WAIVER OF FARM LOAN IS A BURDEN ON ECONOMY

WAIVER OF FARM LOAN IS A BURDEN ON ECONOMY

BE/RBI NOTE/25/2018  

It is well known that a number of states have waived off farm loans after the 2014 General Elections in 2014.  The grey areas here as per RBI report are:

  1. The burden on farmers and their families have obviously reduced
  2. But the benefits to the overall economy through higher investments in agriculture and improved productivity, has not shown any positive effect.
  3. Farm productivity enhancement through pecuniary incentives like debt waivers is unproven and the higher fiscal deficits in future may not be offset by higher GDP gains

Effect of Loan Waiver:

  • Farm loan waivers have become the fulcrum point of discussion on policy making circles. We also observe that almost all States are going for the populist measure to attract their voters.
  • Banks have been spared of the burden of writing off of loans but the burden has fallen on state Governments who have to fund the liabilities through market borrowings.
  • It is seen that the total debt waiver granted during FY18 amounted to 0.32% of India’s GDP as per revised estimates.  The total debt waivers are budgeted at 0.2%of GDP in FY19.

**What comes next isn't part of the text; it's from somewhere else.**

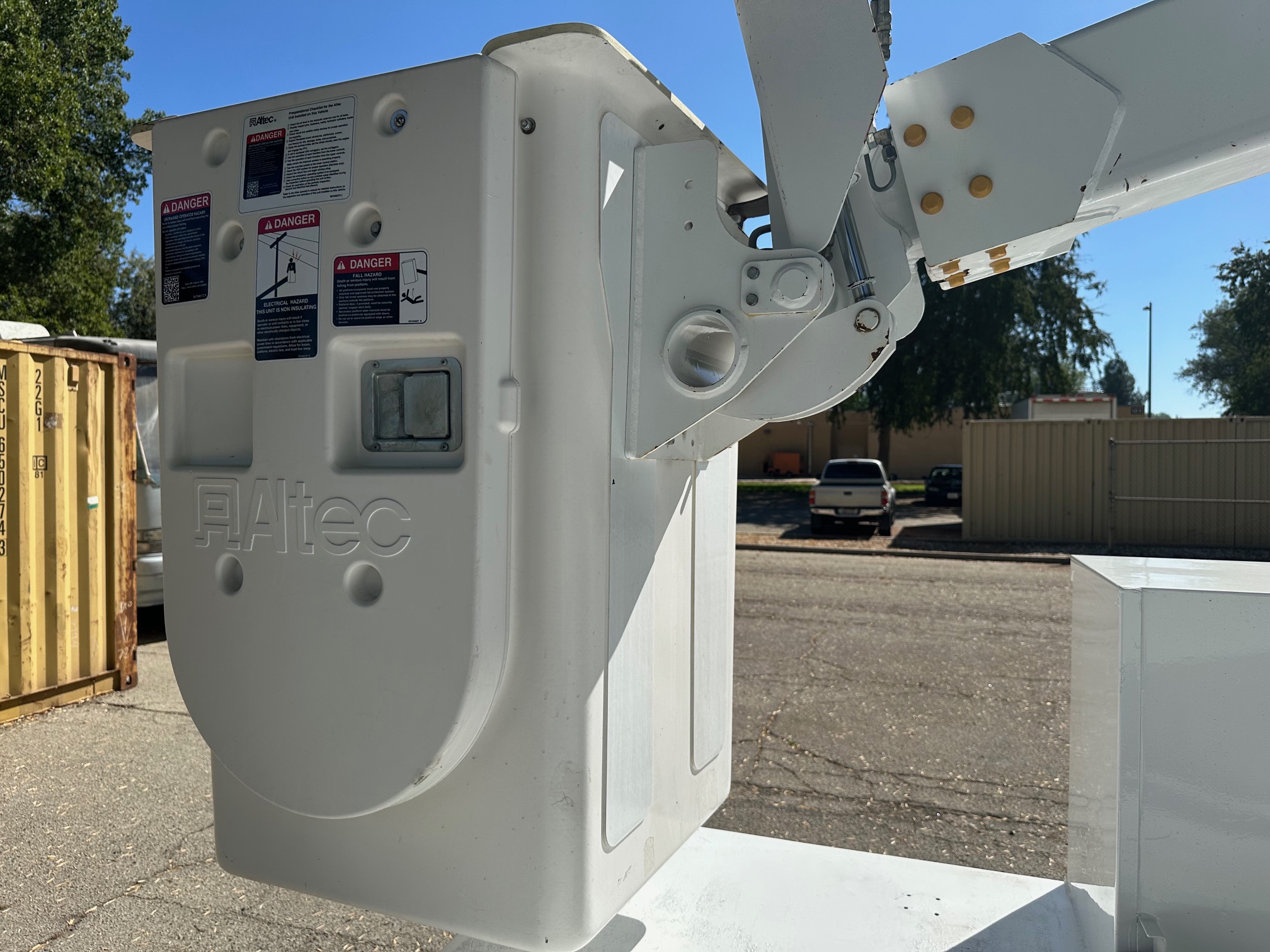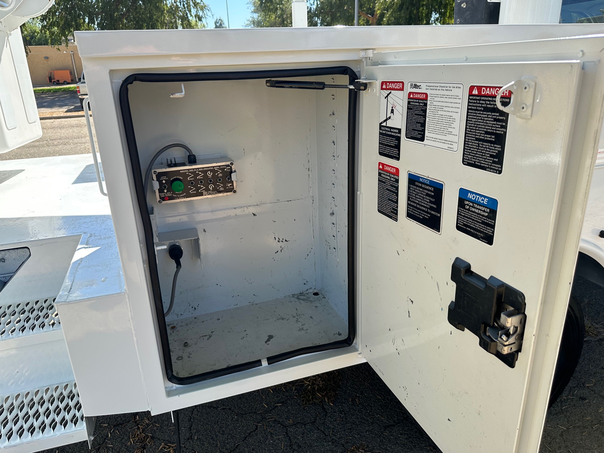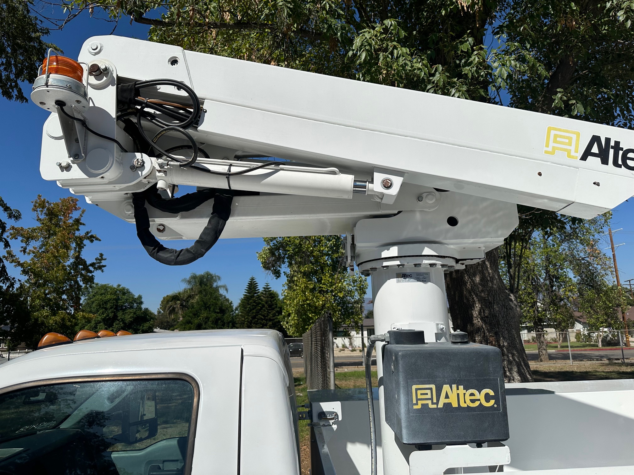 The automatic transmission shifts seamlessly, while the Altec AT235 42' bucket operates flawlessly from both control stations—bucket control and pedestal-mounted levers. The PTO is easily operated from an in-cab switch. You'll appreciate the smooth and stable functionality of the bucket, with a tight boom that shows no major wear or play.

Contribution To Fiscal Deficit Of States

  • Also, the FY19 budget estimates read that the states have allocated between 0.1% to 0.8% of the respective state domestic product to loan waivers, which ranges between 2.0% to 2.98% of their budgeted gross fiscal deficit.
  • The stress on States is because of the waiver of Farm Loans since 2014.
  • Though the farmers benefit from the waivers, it becomes a challenge for policy makers as it could fuel inflation.

Concerns:

  1. If the waivers are not targeted efficiently in addition to the productivity issues, the possibility of these waivers contributing to inflationary pressures via higher fiscal deficits is a great concern adds the report.
  2. Farm productivity enhancement through pecuniary incentives like debt waivers is not justified the report further adds.
  3. The use of 68% of available financial resources, in the form of gross domestic households’ financial savings of the gross GDP in FY 17 has been used to fund the deficits.
  4. External debt sustainability has emerged as a corporate sector risk in view of the recent appreciation of the US dollar and US dollar funding gaps.